12 Sep 2019

Prom 69: Elena Stikhina’s auspicious UK debut in a dazzling Czech Philharmonic concert

Rarely can any singer have made such an unforgettable UK debut in just twelve minutes of music. That was unquestionably the case with the Russian soprano, Elena Stikhina, who in a performance of Tchaikovsky’s Letter Scene from Eugene Onegin, sang with such compelling stage magnetism and with a voice that has everything you could possibly want.

For a soprano who has already sung Brünnhilde (in Siegfried) and is about to take on Norma, there were many assumptions to make about the kind of voice Stikhina might have; none were actually founded in fact. Everything about this performance suggested a thorough grounding in the role’s youthfulness, innocence, and romantic instincts. It was almost unbearable to hear Tatyana’s soul being displayed with such depth; it was if every novel, every chapter and paragraph of a book ever written were being narrated by Stikhina with heartrending insight. What was so unusual about this Letter Scene wasn’t just the careful attention to detail (and the impeccable Russian), it was that you felt she was writing the letter as it happened. Less the vast monologue it often is, it was a gripping and believable performance of time and place which was of the moment.

The voice itself is extraordinarily beautiful and rather wide in what it can do. It has the creaminess of Janowitz yet that rather mezzo-like, shadowy appeal of Ludwig; in a sense it’s febrile, like a molten furnace embracing dark embers from the middle of the chest, right up to a rock-solid spiralling high register that is crystalline. The vibrato is controlled with unwavering precision. Her stage presence is such that she lives the role of Tatyana - and I imagine everything else she sings. She completely charmed a capacity audience, just as she managed to persuade Bychkov and the Czech Philharmonic to follow every instinct of a performance that was as sublime as it was utterly incomparable.

The concert had opened with very familiar Czech fare - Smetana. The Overture, and Three Dances to The Bartered Bride fizzed with that unique blend of infectiousness and rustic brilliance which only a Czech orchestra can muster. That reedy woodwind sound, the rather bright brass is never a surprise from this orchestra; what did prove a revelation was the astonishing richness of the strings, particularly a cello section which really left me wondering if there is a finer one anywhere in the world.

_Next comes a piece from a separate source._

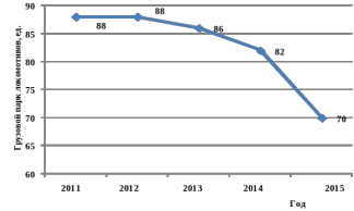 Рисунок 1.3 – Динамика снижения количества локомотивов в грузовом движении за период с 2011 по 2015 годы

One can imagine the work after the interval - Shostakovich’s searing Eighth Symphony - with its distinctive Soviet implications (even though it is markedly differently in tone from the Seventh) - being a touch unsettling for a Czech orchestra. The performance we heard actually suggested it might have been because I have rarely heard one in which the angst, tragedy and eruptions of sound were so visceral. This is indeed a symphony which is marked out by climaxes of terrifying power, and the Czech Philharmonic did not hold back in the slightest. Hard sticks on the timpani were mighty, and scarcely refrained from making an impact which was monumental. Yet, could one have asked for a more bittersweet, more serene cor anglais solo played over lamenting tremolo strings than the mercurial one we heard here? I very much doubt it. But when one heard those grinding climaxes against clarinet and flute duets the dichotomy of a symphony which is always in conflict with itself simply put into focus an orchestra which has an exceptional ability to display itself as a body of craftsmen rather than instrumentalists.

Semyon Bychkov tends towards a more aggressive slant in Shostakovich - a Tenth with the Orchestre de Paris in the 1990s at the Proms was a vividly wild performance - and he coaxed some very grim playing from his Czech players in the central movements of this Eighth. There were great slabs of darkness from the strings, a toccata in the Allegro non troppo that stuttered and grinded like machinery in a great industrial iron foundry; trumpets blazed through the orchestra like gun fire. Those climaxes which seemed to come from nowhere in this symphony were horrific in their power and then just collapsed; in the final movement you felt the weight of the bows against cellos and basses would break their strings.

This was a performance of such magnitude, a gripping brilliance and played with devastating power, that Bychkov was able to hold off applause for a significant amount of time. It really was that exhausting for conductor, orchestra and audience. But this had been an exceptional Prom in every way. Without a doubt the highlight of this year’s season for me.

Marc Bridle

Elena Stikhina (soprano), Semyon Bychkov (conductor), Czech Philharmonic.

Royal Albert Hall, London; Tuesday 10th September 2019.